Founded in 2025 in Silicon Valley, Chestnut Robotics (formerly known as TetherIA) is focused on one of the most complex challenges in robotics: enabling human-like manipulation. Their work spans both hardware and AI-driven control, with the goal of making dexterous robotics more accessible and scalable.
With Aero Hand Open, Chestnut Robotics introduces a lightweight, open-source robotic hand designed to bring high-dexterity manipulation into the hands of more researchers and developers.
Many high-performance robotic hands are expensive and difficult to access, limiting experimentation and slowing progress in manipulation research. Chestnut Robotics’ approach with Aero Hand Open is different. By combining a tendon-driven architecture with a lightweight design under 400 grams, they offer a system that balances cost, performance, and accessibility.
With 16 joints driven by 7 motors, the hand recreates natural movement patterns while remaining compact and fully back drivable for safe interaction.
In this video, two Aero Hand Open systems are controlled simultaneously using MANUS gloves.
MANUS gloves capture detailed hand articulation in real time, allowing an operator to control both robotic hands with natural motion.

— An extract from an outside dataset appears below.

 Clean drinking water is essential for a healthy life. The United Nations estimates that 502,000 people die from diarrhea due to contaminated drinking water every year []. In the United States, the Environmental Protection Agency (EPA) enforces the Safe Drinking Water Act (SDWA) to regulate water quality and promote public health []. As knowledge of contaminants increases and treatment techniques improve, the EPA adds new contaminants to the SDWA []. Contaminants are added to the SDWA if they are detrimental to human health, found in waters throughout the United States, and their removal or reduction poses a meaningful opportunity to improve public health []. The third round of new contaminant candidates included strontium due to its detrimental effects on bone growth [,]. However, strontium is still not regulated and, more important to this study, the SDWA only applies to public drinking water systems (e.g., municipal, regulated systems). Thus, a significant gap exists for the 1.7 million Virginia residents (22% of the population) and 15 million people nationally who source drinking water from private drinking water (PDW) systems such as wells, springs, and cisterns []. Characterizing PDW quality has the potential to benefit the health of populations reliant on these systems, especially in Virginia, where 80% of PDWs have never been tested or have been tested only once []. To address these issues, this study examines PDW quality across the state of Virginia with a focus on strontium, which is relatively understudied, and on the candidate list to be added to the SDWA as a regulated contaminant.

Each finger movement is translated into coordinated joint behavior through the hand’s tendon-driven system.
This setup enables intuitive bimanual control, where both hands can interact with objects in a way that closely reflects human movement.

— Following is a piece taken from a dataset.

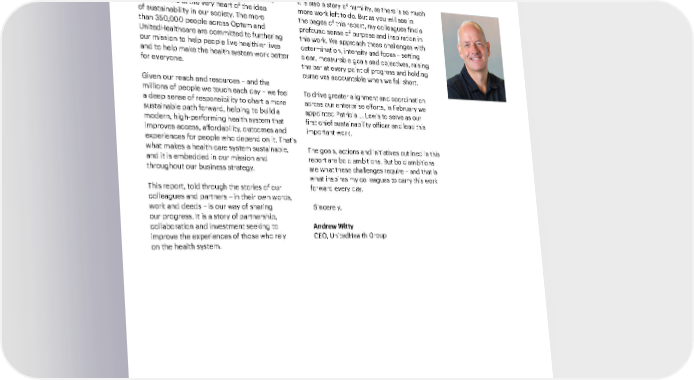 Introduction Our People and Culture Environmental Health 3 2021 Sustainability Report A Modern, High-Performing Health System Responsible Business Practices Performance Data At UnitedHealth Group, we believe a healthy population is at the very heart of the idea of sustainability in our society. The more than 350,000 people across Optum and UnitedHealthcare are committed to furthering our mission to help people live healthier lives and to help make the health system work better for everyone. Given our reach and resources – and the millions of people we touch each day – we feel a deep sense of responsibility to chart a more sustainable path forward, helping to build a modern, high-performing health system that improves access, affordability, outcomes and experiences for people who depend on it. That’s what makes a health care system sustainable, and it is embedded in our mission and throughout our business strategy. This report, told through the stories of our colleagues and partners – in their own words, work and deeds – is our way of sharing our progress. It is a story of partnership, collaboration and investment seeking to improve the experiences of those who rely on the health system. It is also a story of humility, as there is so much more work left to do. But as you will see in the pages of this report, my colleagues find a profound sense of purpose and inspiration in this work. We approach these challenges with determination, intensity and focus – setting clear, measurable goals and objectives, raising the bar at every point of progress and holding ourselves accountable when we fall short. To drive greater alignment and coordination across our enterprise efforts, in February we appointed Patricia L. Lewis to serve as our first chief sustainability officer and lead this important work. The goals, actions and initiatives outlined in this report are bold ambitions. But bold ambitions are what these challenges require – and that is what inspires my colleagues to carry this work forward every day. Sincerely, Andrew Witty CEO, UnitedHealth Group A message from our CEO

The system is shown performing a wide range of everyday manipulation tasks, including:
These examples highlight the versatility of the platform, from precision tasks to larger object handling, all driven through direct human input.
Aero Hand Open supports multiple control modes, including position and torque control, along with inline tendon force sensing. This allows developers to explore different approaches to manipulation while working with a system that reflects real-world interaction dynamics.
By making the design open-source, Chestnut Robotics aims to lower the barrier to entry for dexterous manipulation research and encourage broader experimentation. MANUS gloves provide precise hand tracking, while the robotic system translates that input into coordinated, physical interaction. This pairing supports both teleoperation and the collection of high-quality demonstration data for future learning systems.